Männer managen gerne, aber Hotellerie ist auch ein großer Haushalt, wo es einer ordnenden Hand und einer Gastgeberin bedarf, die sich auch für Details interessiert.
Wie geht’s der Hotel-Branche?
Dem Großteil der Branche geht’s nicht gut. Spitzenhotels in der gehobenen Vier- und Fünf-Stern-Kategorie machen Gewinne. Aber die Drei- und Vier-Stern-Häuser kämpfen. Sie bekommen die Auslastung nicht hin, weil sie sich zu wenig voneinander unterscheiden und kein ganz perfektes Angebot haben.
Jetzt kommen noch Low-Budget-Hotels wie Motel One dazu.
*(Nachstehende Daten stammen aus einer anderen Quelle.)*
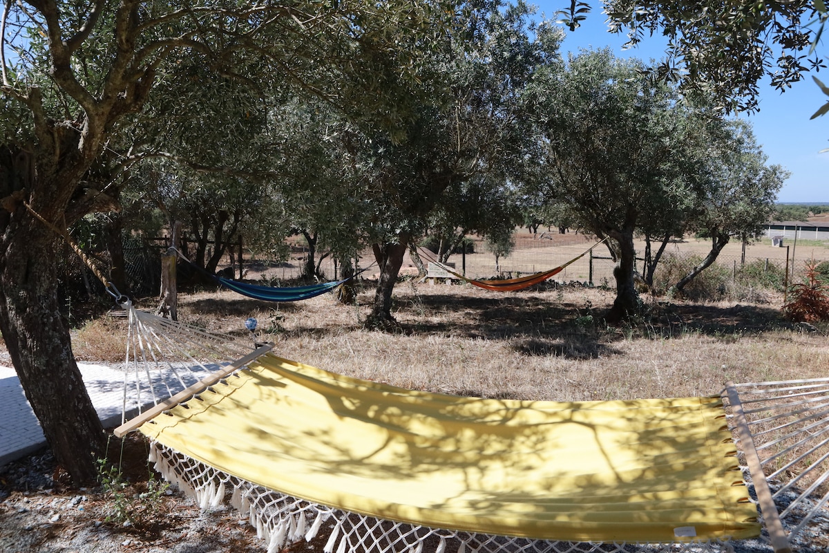 Alentejo 休閒度假屋,設有泳池 • 自然與日落 Alentejo安靜的鄉村旅遊。 是休息、約會、閱讀和欣賞壯麗日落的理想度假勝地。 坐落在2公頃的物業上,設有鹽水泳池、橄欖樹陰影下的吊床,以及大面積的步行、騎自行車和觀賞大自然的區域。 非常適合那些尋求和平、隱私和與真正的Alentejo聯繫的人。 這裡歡迎寵物,帶上你的寵物吧。 AL: 150475
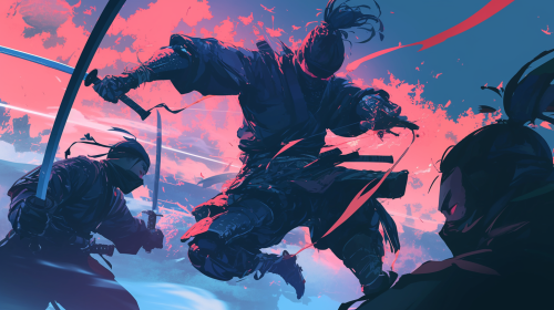 This image is a dynamic and detailed scene that brings together a Japanese samurai and a stealthy ninja, set against a dramatic backdrop filled with cultural and atmospheric elements. The composition is rich with intricate details, capturing a moment that feels both intense and timeless. In the foreground, the samurai stands firm, dressed in a resplendent suit of armor. His armor is adorned with layers of lacquered plates in deep shades of red and black, each piece meticulously engraved with motifs of dragons, cherry blossoms, and swirling clouds. The helmet (kabuto) has a prominent crest in the shape of golden horns, while his face is partially covered by a fierce mask (mempo), showing only his intense eyes that radiate focus and honor. The samurai holds a katana with both hands, the blade gleaming in the soft light, its edge honed to razor-sharp perfection. His stance is solid and composed, embodying discipline and strength as he faces his unseen opponent. To the side and slightly in the shadows, a ninja crouches with quiet intensity. Dressed in dark, fitted clothing that blends seamlessly with the night, the ninja is poised for action, holding a pair of gleaming shuriken (throwing stars) in one hand and a short blade (ninjato) in the other. His face is mostly concealed by a black mask, but his sharp, observant eyes reveal a look of cunning and stealth. The ninja’s form is lithe and agile, ready to disappear into the shadows at a moment’s notice. Small details, like the cloth wraps around his wrists and ankles and the way his outfit flows with his movements, emphasize his stealthy, agile nature. The background is a moonlit Japanese village nestled in a mountainous landscape, shrouded in mist that rolls down from the distant peaks. Traditional wooden houses with [...]
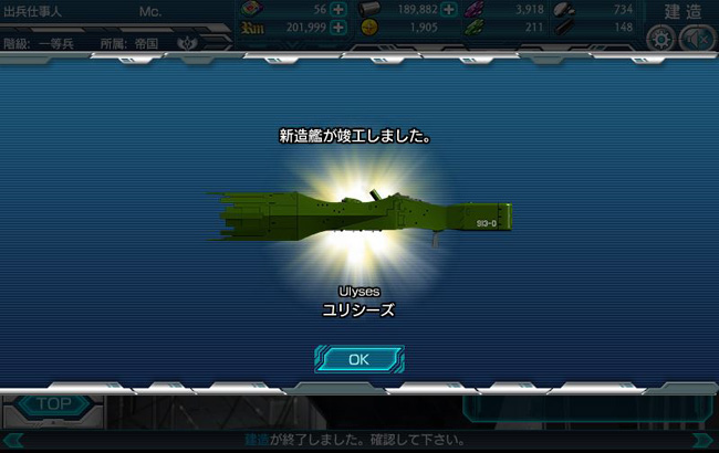 やっとこいつが出ました、同盟軍戦艦ユリシーズ!特別レア艦って訳じゃないんですが、なかなか出なかったんですよ。

Ich bin oft fassungslos, wenn ich höre, welche gehobene Kundschaft dort übernachtet, die sich auch das Sacher leisten könnte. Es gibt eine Überlegung, die es früher nicht gab: Wann will man Luxus haben und wann nur schlafen und Sauberkeit? Man muss immer spezifischer eine Zielgruppe bedienen.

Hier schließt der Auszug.